Pathfinder Adventure Path Subscriber

For every person that says "no more player-side bloat, please" there's a person asking "hey Paizo why no new feat/spells/PrCs in this book?". That's a hard link to walk there.

Digital Products Assistant

Removed some misplaced posts.

RPG Superstar 2015 Top 8

2 people marked this as a favorite.

Overview -- I hope this is okay:

Chapter 1: Character Background
This is all very largely for PCs: expanded traits, drawbacks system, system for random generating character background (although this could be used for NPCs too). Story feats.

Chapter 2: Downtime
This involves a lot of stuff revolving around what PCs do between adventures, and how to track resources built, sought out, or developed during this time. There's guidelines for PCs owning businesses, being part of or even leading organizations, and building anything from a place of business to a stronghold. Some of this, especially some of the "rooms and teams" stuff, could also be of use to the GM in designing such things.

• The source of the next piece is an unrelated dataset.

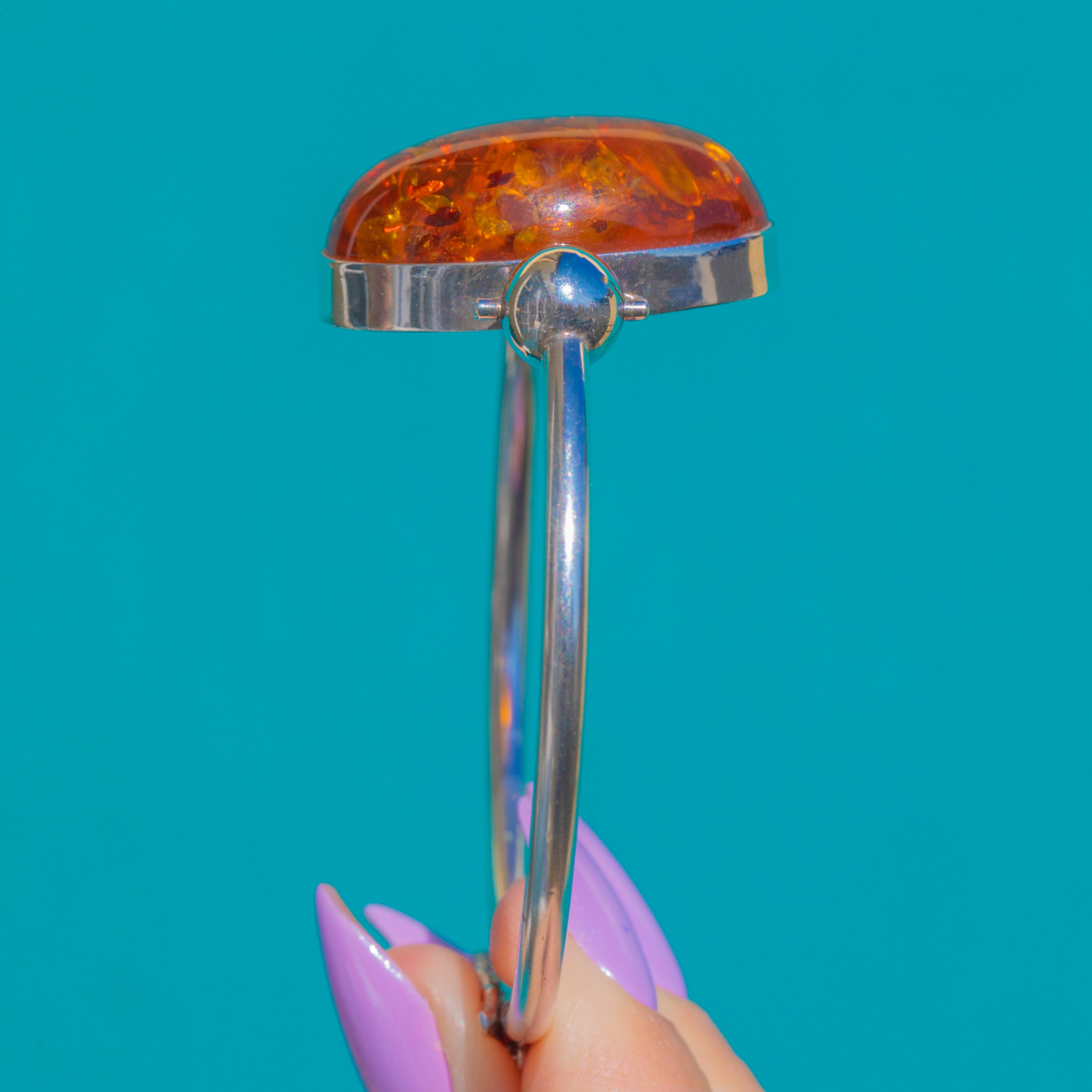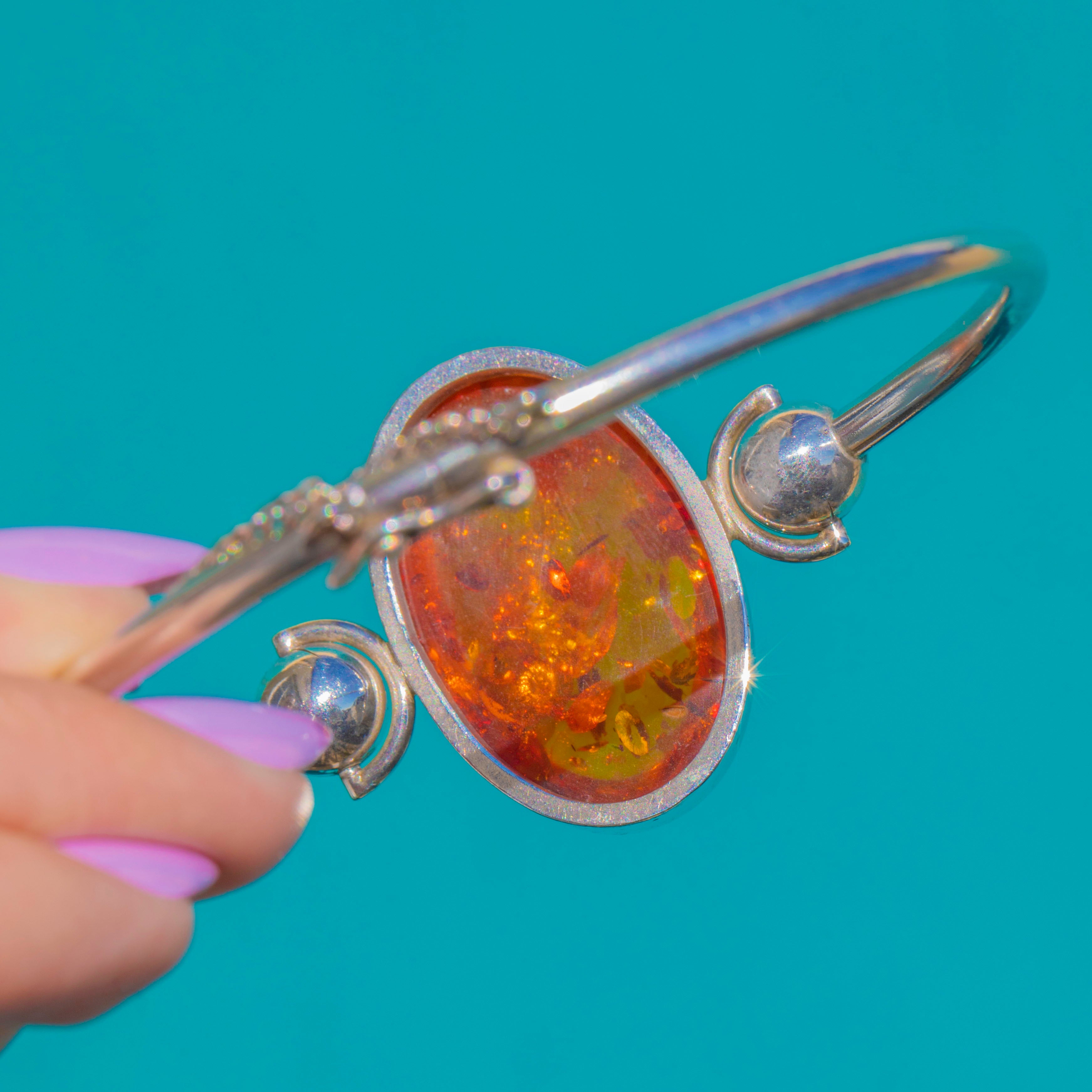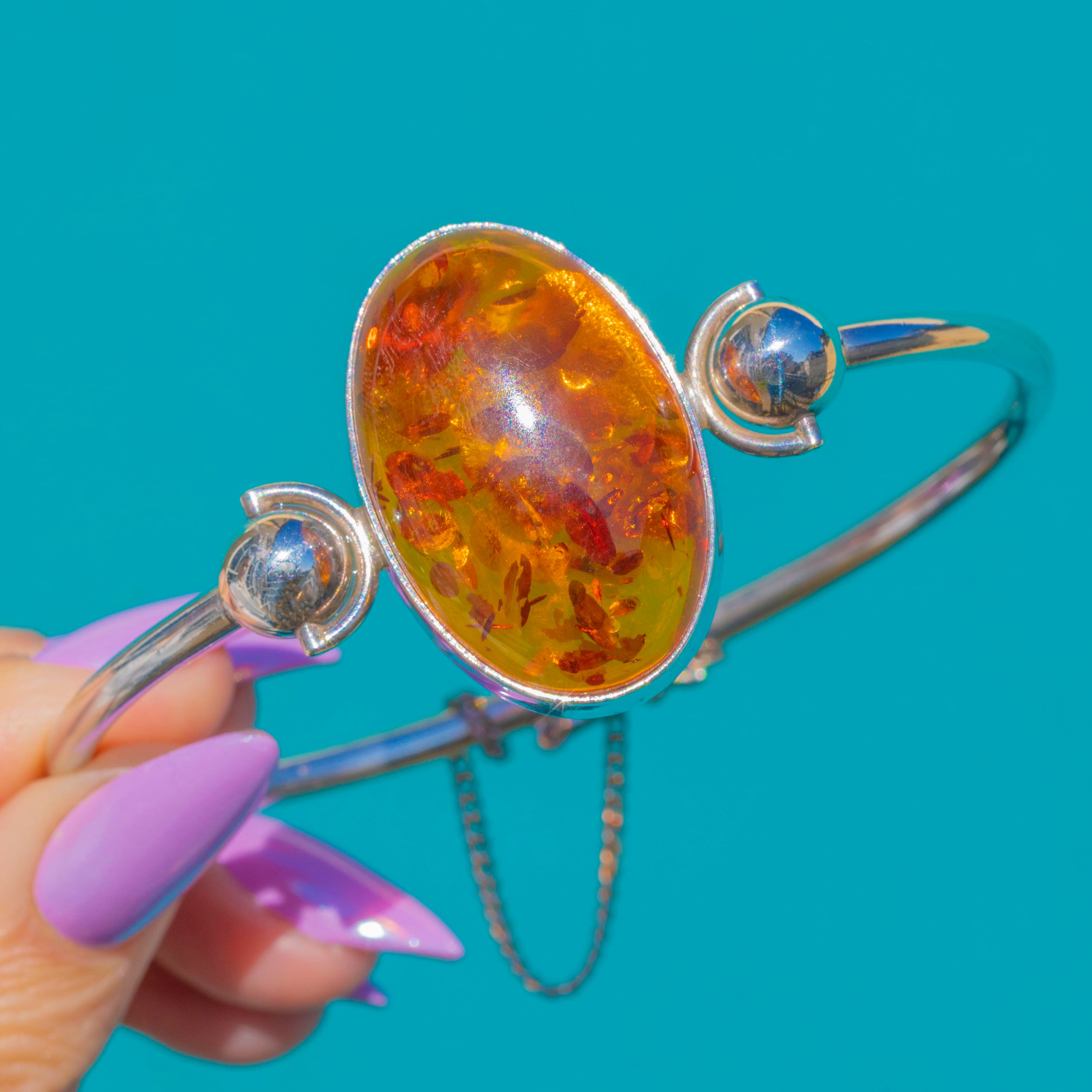 Glowing with rich honey-to-cognac tones, this Vintage 1990s bangle showcases a large high-domed Baltic Amber cabochon set in sleek Sterling Silver. The closed bezel frames the Amber’s natural inclusions and subtle iridescent flashes beautifully, creating a dramatic single-stone focal point.

Chapter 3: Campaign Systems
This includes expanded explanations of the alignments for PCs, various systems for tracking things like codes of honor, reputation and fame, and so on. The retraining rules are here (definitely for PCs), as are the rules for creating young PCs, and rules for bargaining and expanded guidelines for PCs who want to create magic items. Some bits I haven't really read yet so can't say what it all is.

Chapter 4: Kingdoms and War
This is the expanded and revised Kingdom building stuff originally seen in Kingmaker. Oriented toward PCs and how they run a kingdom, though definitely applicable to help a GM design a kingdom and make sure all things necessary are accounted for.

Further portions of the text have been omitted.